Rich Peverley evened the score at 13:12 of the period. Ovechkin slipped with the puck in the offensive zone and defenseman Dennis Wideman got caught sliding down from the point, so the Bruins went the other way on a 3-on-1. Peverley waited for Holtby to commit to guarding the near post and slipped a shot through his legs as he slid over.
"That first goal, like [assistant goaltender coach Olaf Kolzig] was saying, that's one I know I can have, I know I can stop," Holtby said. "My goal going into the second period, especially after that goal, was to make sure I'm giving myself the right chance to make saves and to be more patient. I wasn't patient on that first goal. That's one of the things I've just learned over the years is realize what you did wrong and try to fix it and you're done with it.
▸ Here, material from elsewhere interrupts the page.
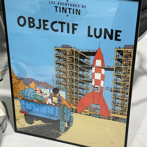 Hergé Les Aventures de Tintin plakat med motiver fra 'Reporter du Petit Vingtième au Pays des Soviets' og 'Objectif Lune'. Plakaterne er indrammede og viser ikoniske scener fra Tintin-serien.

You're moving on."
Boston finished the opening period with a 14-3 advantage in shots and continued to pressure the Capitals in the first half of the second period. Most of the final 20 minutes were spent at Holtby's end of the ice. Still, the rookie goaltender didn't waver, and Washington turned this best-of-seven marathon into a best-of-three sprint despite missing its top center.
"We had some chances but ... it's not good enough," Bergeron said. "We need to make sure we find ways to create some havoc there but also find the rebounds. I think we're there, we're around the net area. It's not that we're not going, it's more than we don't find the loose pucks."